По мере того как я рос и развивался, схватки с папой о боге становились все чаще и горячее. Мы часами спорили с ним. Каждую пядь моего неверия мне приходилось завоевывать тяжелыми боями. Благодарю за это судьбу, благодарю, что в этих тяжелых боях (ох, каких тяжелых!) я принужден был прочно, обоснованно вырабатывать свои взгляды. Один мой товарищ стал атеистом потому, что император Генрих VI был отравлен ядом, поднесенным ему в причастии: как, дескать, мог яд сохранить свою силу, если причастие есть, правда, тело Христово? Мне смешно было, что на таком пустяковом основании можно было потерять веру. Такие аргументы могли иметь силу только для человека, который пришел домой, высказал этот аргумент отцу, а тот ему: «Как ты смеешь, дурак, рассуждать о подобных вещах! Дай еще раз услышу, – выдеру тебя, как Сидорову козу!»

Папа радовался на меня в спорах, его глаза часто весело загорались при каком-нибудь удачном моем возражении или неожиданно для него обнаруженном мною знании. Однако ему, видимо, все страшнее становилось, что, казалось бы, совершенно им убежденный, я все же не отхожу от темы о боге, все больше вгрызаюсь в нее.

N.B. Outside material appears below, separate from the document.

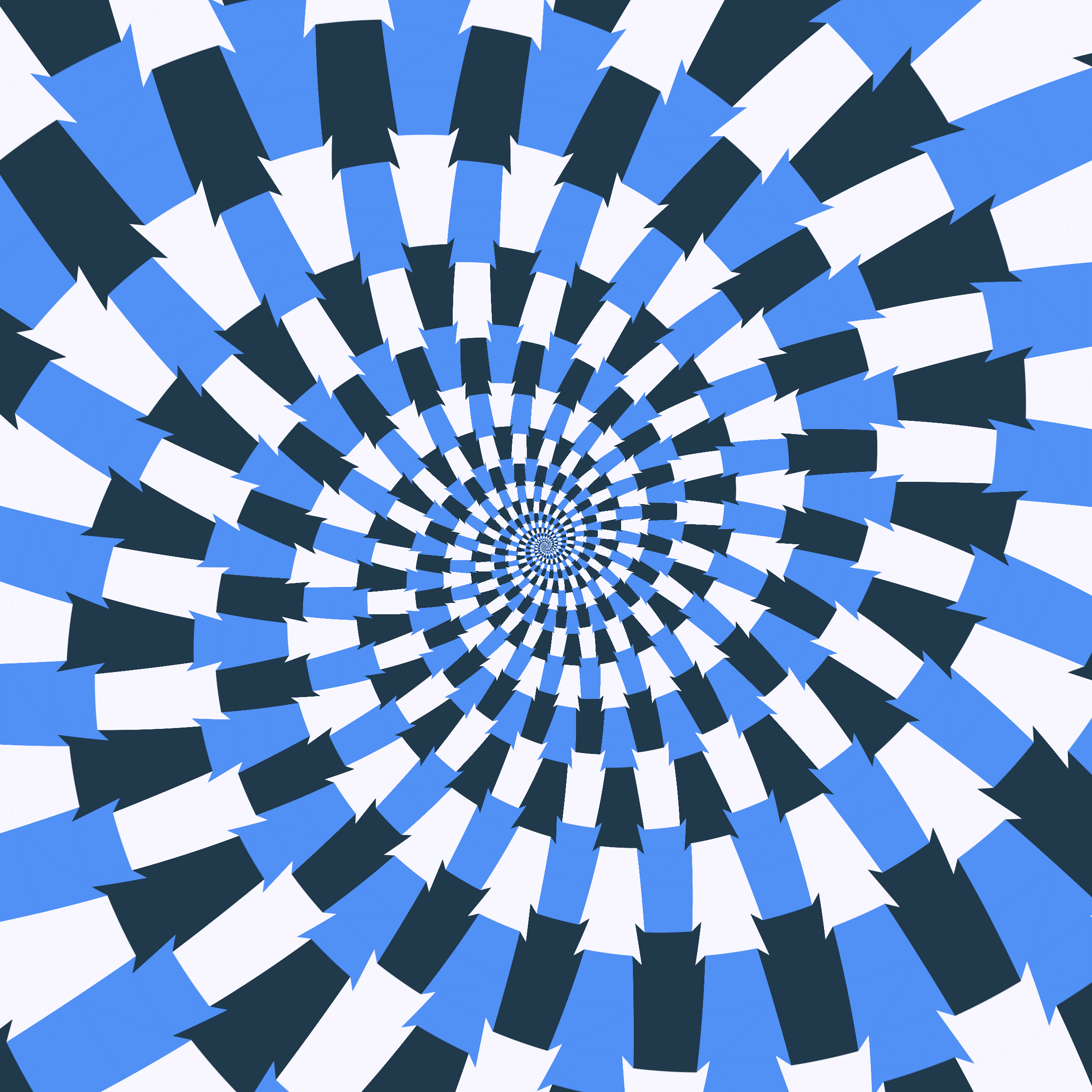Escher-style tiling of a plane, gone wrong. Each image spins hash-driven colors, shapes, and symmetries into infinity. Fly through the spiral as it morphs between beauty and madness. Keys: F = Fly through/back, D = Distort on/off, Esc = Stop, S = Save image.

В старших классах гимназии на меня сильное впечатление произвели последние страницы «Истории цивилизации в Англии» Бокля, где он защищает деизм. «Великий строитель вселенной, творец и начертатель всего существующего, уподобляется какому-нибудь жалкому ремесленнику, который так плохо знает свое дело, что постоянно приходится призывать его для того, чтобы он перестраивал собственную свою машину, устранял ее недостатки, пополнял ее недосмотры, направлял ее ход!» На этом я строил свои доказательства бессмысленности всяких молитв. И странно бывало. Я решительно заявлял, что считаю всякие молитвы совершенно ненужными и оскорбительными для бога, и мне удавалось отстоять свою позицию. Я уходил к себе. Была суббота. Я раскрывал «Немецких поэтов» Гербеля или Тургенева. Вдруг дверь отворяется, – папа. И огорченно, с потемневшим лицом, спрашивает:

– А ты не у всенощной?

Я хмурился, мрачно вставал и озлобленно шел в церковь. И даже не утешало, что там могу увидеть Конопацких.

Каждую субботу вечером мы читали проповеди Иннокентия, архиепископа херсонского и таврического. Был такой знаменитый духовный оратор. Помню несчетное количество томов его произведений – небольшие томики в зеленых переплетах. Суббота. Вернулись от всенощной, вечер свободный, завтра праздник. Играем, бегаем, возимся. Вдруг мама:

– Дети, проповедь читать!

Еще с горящими от беготни глазами, переводя дыхание, входим в просторный папин кабинет. От абажура зеленый сумрак в нем. Рассаживаемся по креслам и диванам. Мама открывает книгу и крестится, девочки вслед за нею тоже крестятся. Мама начинает:

Одному благочестивому пустыннику надлежало сказать что-либо братии, ожидавшей от него наставления…

Она читает со светящимися изнутри глазами, папа благоговейно и серьезно слушает, облокотившись о ручку кресла я положив на ладонь большой свой лоб.

Проникнутый глубоким чувством бедности человеческой, старец, – Макарий Великий, – вместо всякого наставления воскликнул! «Братие! Станем плакать!» И все пали на землю и пролили слезы…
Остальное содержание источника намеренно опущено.